Garrus did too, oddly - her and the unnamed son Neal and Emma were bringing into this world. It was fascinating, really, to see the little people that’d be sort of inheriting the legacy of the generations before them. He also planned for a healthy dose of spoiling when the time came, and he actually got used to being around the DNA combinations of his closest friends.

“Much appreciated - there’s plenty to learn, I’m sure,” he grinned in return. “Speaking of those pockets of mundanity in between the times of bullshit, you two lovebirds free for lunch? You can come out with Cindy and I. I’ll need a break from all this anyway.” A motion to the work bench, littered with all sorts of tech of various sizes. “I think the last time the four of us spent quality time together was during a moment of emergency.”

In reference to when his wife had died in his arms, that is. Better grasp every opportunity possible to be around friends when they weren’t bleeding all over the place, right?

Oh, Christ, it was true. The last time they were all in close proximity really wasn’t for anything fun. Pete remembered breaking laws of physics to dash over to the Vakarian household, with the hopes that he and Lina weren’t too late.
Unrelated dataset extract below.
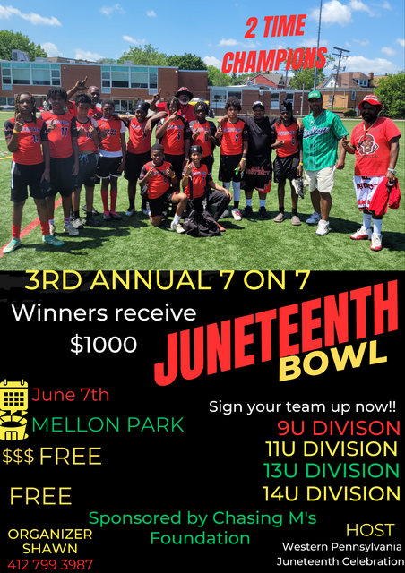 3rd Annual Juneteenth Bowl winners receive $1000. This tournament is free to enter.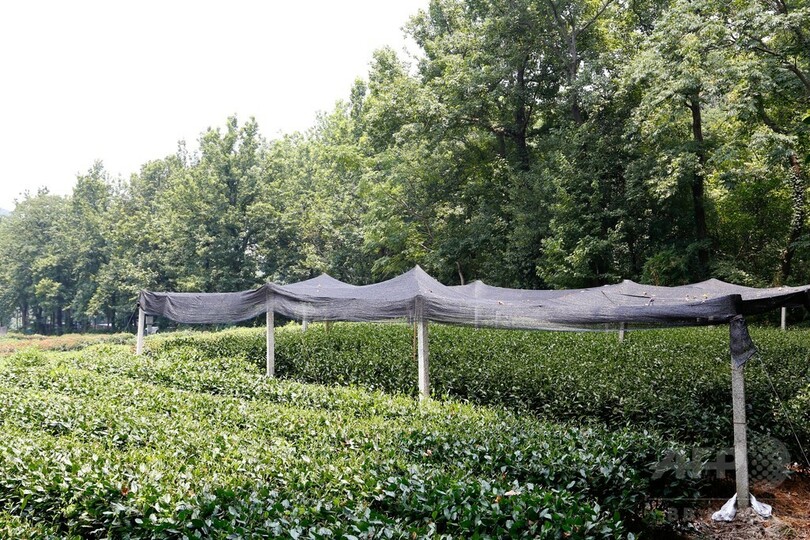 杭州市では、猛暑が続いた影響で、「西湖龍井茶(Xihu Longjing)」一級保護区内のいくつかの特定品種と、樹齢がまだ短く、根が浅い茶樹などに、程度が異なる葉焼けの被害が見つかった。(c)CNS/JCM/AFPBB News

Actual death wasn’t something that happened as a result of the dreams wasn’t something that he knew of happening, but it’d be damn cruel it to seep through and swiftly take a loved one for a reason such as that.

“Well, we all work in the same building now - I think we’re able to plan something,” he agreed. “Let’s get our kicks in while we can.” Who knew when the shit would hit the fan again - in mini bursts, before the final countdown to potential genocide.

But all that aside.

“How about subs for lunch?”

Not the fondest memory to go back to at all, but it made him value their time together here - when nothing was fucking them over and catching them by surprise. “Subs, subs are good. Anything that gets us outside of these four walls works.” And as long as there were vegetarian options too. Couldn’t forget the wife’s preferences after all. He was usually attentive of that kind of thing.

Garrus got off the crate, rolling his sleeves back up. They slid down, and he didn’t feel like tearing his clothes with the mess of sharp things he’d been dealing with. “I’ll bring you some gifts soon. Assuming you still use guns, that is.”

Plenty of vegetarian options, as far as Pete knew. Probably something with greens and hummus and all sorts of stuff meant for rabbits - he’d stick with meat, pile it on (as dirty as that sounded). “‘Course I do,” he slid off the surface he’d been leaning against. Time to go back to work on this glorious morning and leave Vakarian to his calibrating for the moment - but Wisdom would be back later in the afternoon, to see if there was anything he could do now that his own bullshit was taken care of.

“There might be a day where I can’t rely on those hot knives entirely, so I prefer to keep the other skills sharp. Can’t wait, though. It’ll be like Christmas all over again.”

“I’m pretty sure you and I have don’t have a matching description of what Christmas was like,” Garrus pointed out, adjusting the visor over his eyes again. Yes, Wisdom, everyone was aware of the damage done to the townhouse that morning. “I have less destruction in mind, for one.”

But he’d make sure his friends got good ones. By now he knew their styles, the kind that fit well into their hands, and they’d be armed well. One of a kind sort of gems. Calibrated with love or something, he promised.